# How to take care of baby goats?



## redsticker (May 7, 2009)

I'm hopefully getting two lovely baby Nigerian Dwarfs at the end of March (barring horrible unforeseen circumstances.... please weather, stay cold!) and I'm really worried. I've been reading all I can, but I'm still nervous about how to take care of two little bottle babies since I don't have any goat experience.

I have a barn, but I'm afraid to keep them in there all by themselves since they'll be so little. I'm thinking I might build a little pen in the garage, which is really long and just used for storage right now. Any advice on what it should entail? I know no drafts, secure, shavings, no low water buckets, etc. but how can I make sure my garage doesn't smell like goat urine forever? 

We have two pastures that are pretty big, one that has a pond, and I'm worried about leaving them alone in them. Should I temporarily fence in a smaller portion closer to the house? (I'll still use metal fencing with t bars but I can remove them when they are bigger.) What kind of fencing should I use for Nigis?

Still trying to find a local vet. Even though we live in a rural area, I can't seem to find a single large animal vet. Or a small animal vet willing to treat goats. The babies will be disbudded, tattooed, vaccinated and wormed. What else do I need to do and when?

Sorry so many questions. I'm super nervous and just want to keep these babies alive and safe and healthy and happy.


----------



## StaceyRosado (Oct 5, 2007)

how old will they be when you get them?

Unless its like freezing cold outside and they are not use to being outside then I would just build them a smaller pen inside the current pen or one close to the house as you suggested. There is no need for them ot be in the garage (and yes it will smell like goats for a while after having them in there). 

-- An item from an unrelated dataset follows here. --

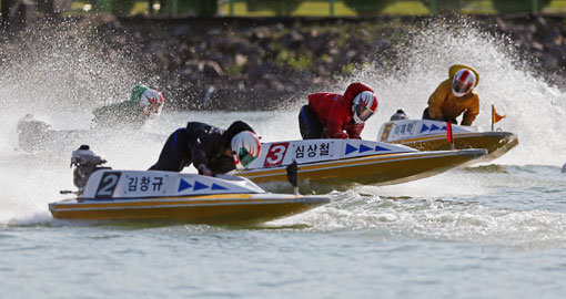 경정 다승 1위를 달리고 있는 심상철의 호쾌한 질주 모습. 휘감아 찌르기가 주특기로 선배 김효년과의 불꽃튀는 다승, 상금 경쟁이 경정팬들의 주목을 받고 있다. 사진제공|경륜경정사업본부

Sounds like all the basics will be taken care of -- they may need a booster CD/T shot but other then that you can just enjoy your goaties


----------



## redsticker (May 7, 2009)

They will be 4 weeks... does that matter?

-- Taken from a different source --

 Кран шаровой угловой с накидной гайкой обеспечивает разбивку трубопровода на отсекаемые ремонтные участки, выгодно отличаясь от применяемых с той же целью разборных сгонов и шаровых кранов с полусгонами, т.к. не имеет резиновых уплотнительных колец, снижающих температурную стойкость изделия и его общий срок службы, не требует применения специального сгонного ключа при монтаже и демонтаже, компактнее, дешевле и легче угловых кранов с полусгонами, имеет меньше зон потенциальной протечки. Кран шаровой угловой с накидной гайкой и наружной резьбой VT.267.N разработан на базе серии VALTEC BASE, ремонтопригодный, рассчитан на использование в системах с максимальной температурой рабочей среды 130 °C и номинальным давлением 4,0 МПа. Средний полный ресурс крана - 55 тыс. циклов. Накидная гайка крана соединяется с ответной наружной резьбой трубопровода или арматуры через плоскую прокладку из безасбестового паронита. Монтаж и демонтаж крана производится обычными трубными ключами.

Well, then I should get to work on the pen/shelter thingy. So many projects this month!  I'm worried that they'll be too far from the house in the barn and I won't be able to see them from my bedroom or living room windows. The barn is hidden behind a shed and doesn't have electricity, so I can't hook up a camera system.


----------



## StaceyRosado (Oct 5, 2007)

well if they were like a couple days old then the garage would work better for those first couple weeks but since they will be 4 weeks old then outside is fine 

how cold is it in Louisiana this time of year?

Sounds like you will need to give them their booster they shoudl give you the syringes so you can do it yourself


----------



## redsticker (May 7, 2009)

It's about 55h/30something low right now (a cold year), but the normal temps can get up to the 80's (or higher) in spring. I'm not so much worried about them being cold as something coming to get them. We've lived here since last summer, but during Christmas when we fried turkeys, a bunch of dogs somehow got into our yard. (I think they somehow squeezed under the gate.) I don't think it's something that's going to happen all the time, but if it happens just once when I'm not around to chase them off...  *shudders* And we had a coyote pop into our yard once, I guess from the river which isn't fenced, but my hubby shot at it and we haven't seen it again.

:GAAH: 

Well... I'm trying to buy the bare necessities so I don't go completely broke right away. (Why would I need kidding and milking supplies right now, lol?) So I'm just going to buy a first aid kit, hoof care kit and a couple of meds, supplements, etc. like Nutri-drench or Goatade. (Just got my first Hoegger's catalog, yay!)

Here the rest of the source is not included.